Modular development using Nodejs

Split large projects into small modules.

Nodejs + NPM solve the giant project problem

Giant projects

Every book on good software practices talks about splitting large projects into components and modules. This principle often is at odds with situation in large software projects, where a giant source tree includes all the source for a particular solution. Often it spans languages, technologies, deployment environments, etc. The downsides to single source tree are easy to see; and these can be good red flags:

  • Extremely hard to understand the scope of the project from looking at the source code
  • Bringing new developers to the project is difficult
    • Lots of parts to understand before any productive work begins
    • Tight coupling between logically separate entities (server / db / client)
    • Installation instructions for tools run into pages
  • Testing is a nightmare
  • Delivery dates are unclear, and part of the code cannot be delivered separately
  • Work on new new features is abandoned because the risk of breaking some existing integration is high

Why are things so bad?

I truly believe that large projects grow into their unmanageable sizes due to primitive tools and lack of practical workflows for most languages. Even if I want to split a C++ application into multiple libraries, I have to pay upfront cost in creating new library projects, making sure I am building the libraries with correct compiler flags, and linking them into the final application.

Programmers are rational actors (in the short term). When the project is under active development, the up front costs to splitting the project are expensive enough, making it easier to keep adding the source to the already large tree. Thus every individual decision to keep expanding single project makes sense, it is the overall result that is a monster.

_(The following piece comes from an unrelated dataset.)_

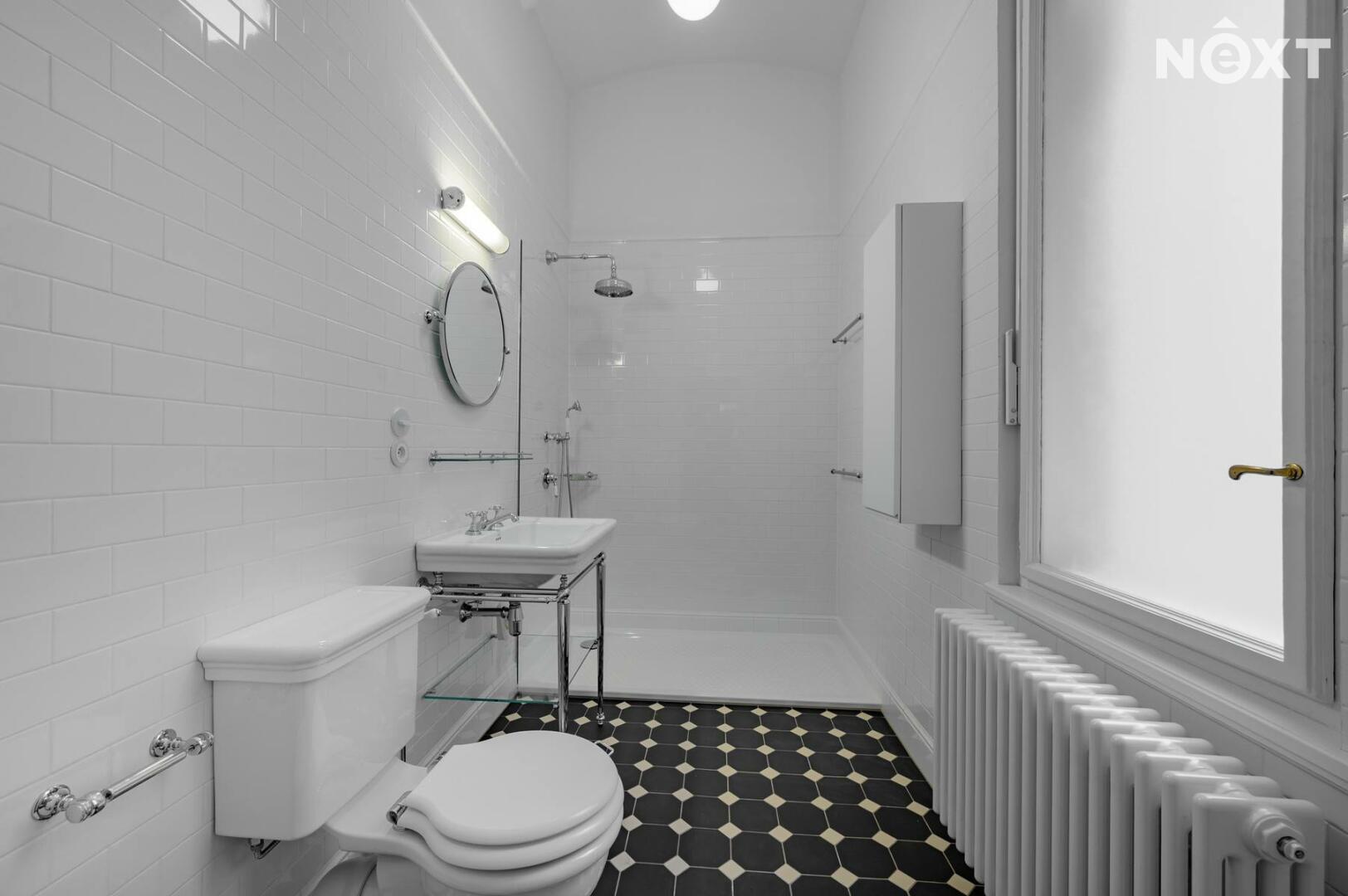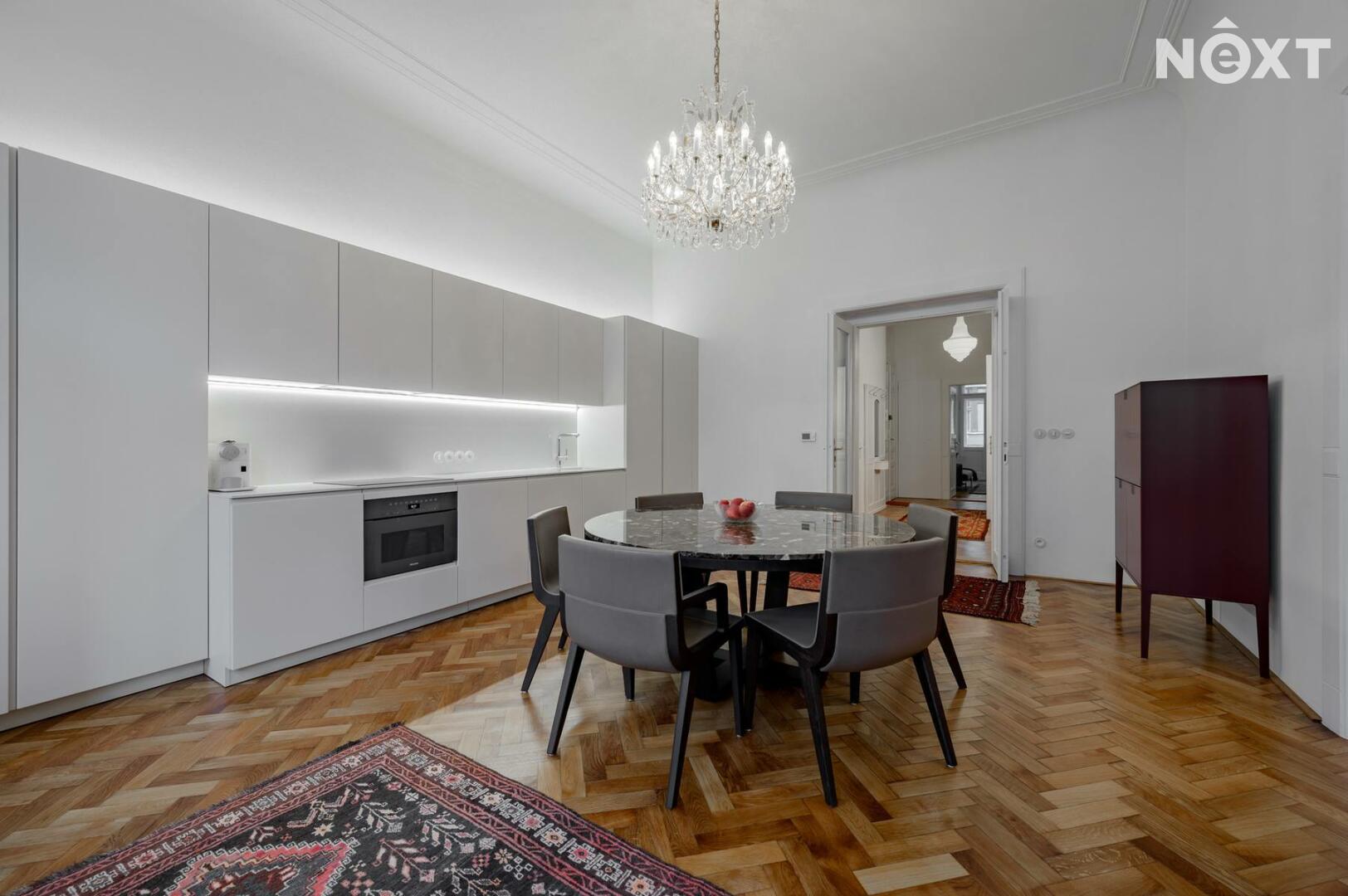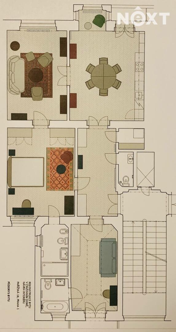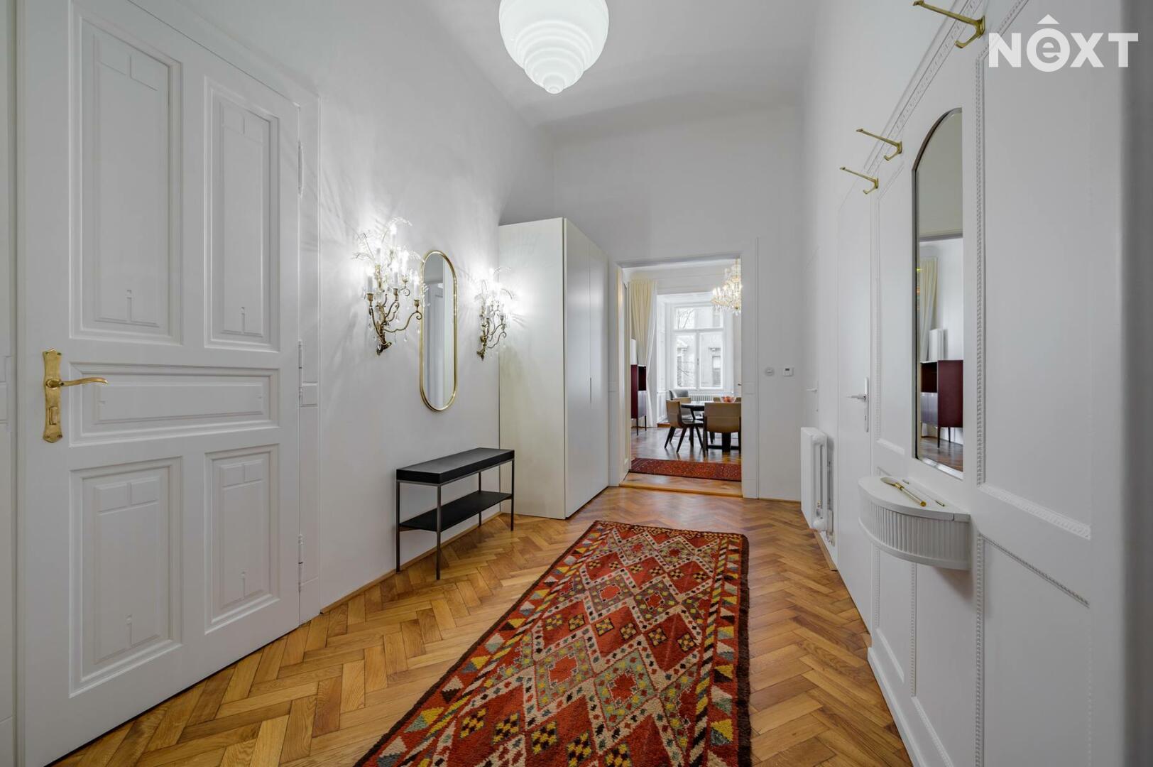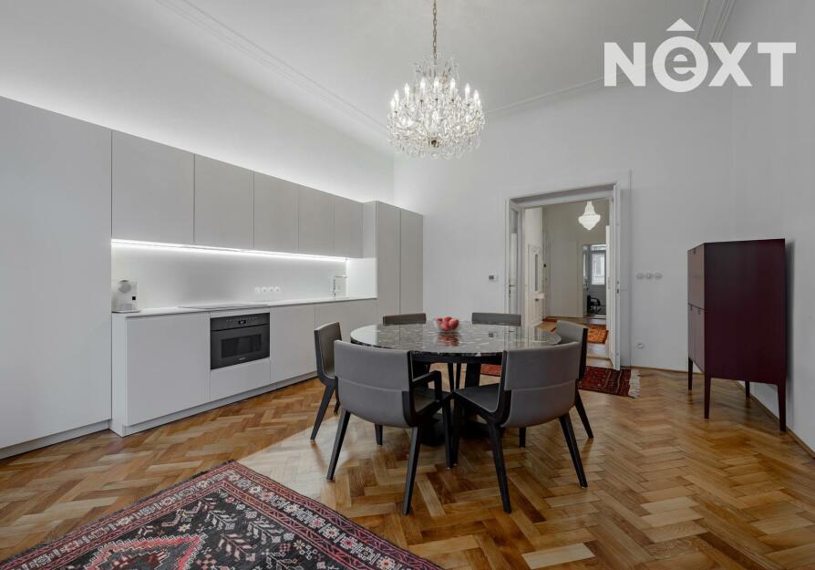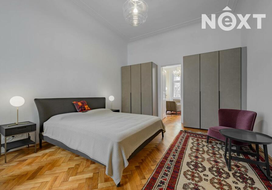 It consists of an entrance hall, lounge with a dining room and kitchenette with access to the balcony and alcove facing Pařížská Street with a beautiful views, 2 separate bedrooms facing the quiet courtyard, each with its bathroom and one of the bedrooms has a balcony, toilet for guests and chamber with a washing machine and dryer. The apartment offers a total of 3 toilets and 2 bathrooms (bathroom with a bidet, toilet and shower, bathroom with a tub and toilet). Fully equipped kitchen with a dining room. Parquet floors, stucco ceilings, crystal chandeliers. Furnished with a custom furniture and Maxalto mobile furniture. A niche with a view of Pařížská Street and the Old Town Square. The apartment has a spacious cellar. Available immediately. Internet connection. Pro komunikaci uvádějte evidenční číslo zakázky N114321.

Modular JavaScript using Nodejs

nodejs is distributed with an excellent node package manager (npm). Joyent (the company behind node) also runs a public package registry, growing extremely fast, with more than 40K packages listed and more than 100M package downloads per month as of October 2013. There are options to run private registries, if needed.

Other languages also have package registries, Maven being a well known example. Still, nothing comes close to fast and simple package system NPM provides. A new package can be created and shared in 10 seconds using npm init wizard, published to public registry in less than 5 seconds using npm publish, and used from other packages using npm install <name>.

An interesting feature of npm dependency system is ability to point to any git repository, including using a specific tag. Thus one can easily avoid public or private repositories and work completely by linking components by pointing at the source repositories. The same approach is used for a front-end dependency manager bower. I often use this approach for modules developed inside the company:

// package.json
"dependencies": {
    "async": "0.2.9",
    "cool-feature": "http+git://local-company-git/cool/feature.git#0.1.0"
}

I think NPM got the dependency mechanism just right. It is extremely easy to create, share and reuse components, your own or written by others. This is very clearly seen from the registry's front page. Look a the three most dependent upon projects (projects listed as dependencies from other projects) and the number of downloads for each:

underscore

async

request

Real-time stats badges provided by NodeICO

The built-in modular development support makes it extremely natural to split large project into smaller units:

  • creating, connecting components is fast and easy
  • each component can be iterated separately without breaking the large project
  • understanding small components is quick

Back-end or front-end?

I develop the majority of my code for server-side nodejs. If I want to run the code in the browser, I can use browserify to convert my JavaScript into a bundle. Even for pure front-side work, I often use NPM + Bower simultaneously: npm is used to import the build tools, such as grunt, while bower is used to import prebuilt front-side libraries. I can even keep the meta information in sync between package.json and bower.json using grunt-npm2bower-sync.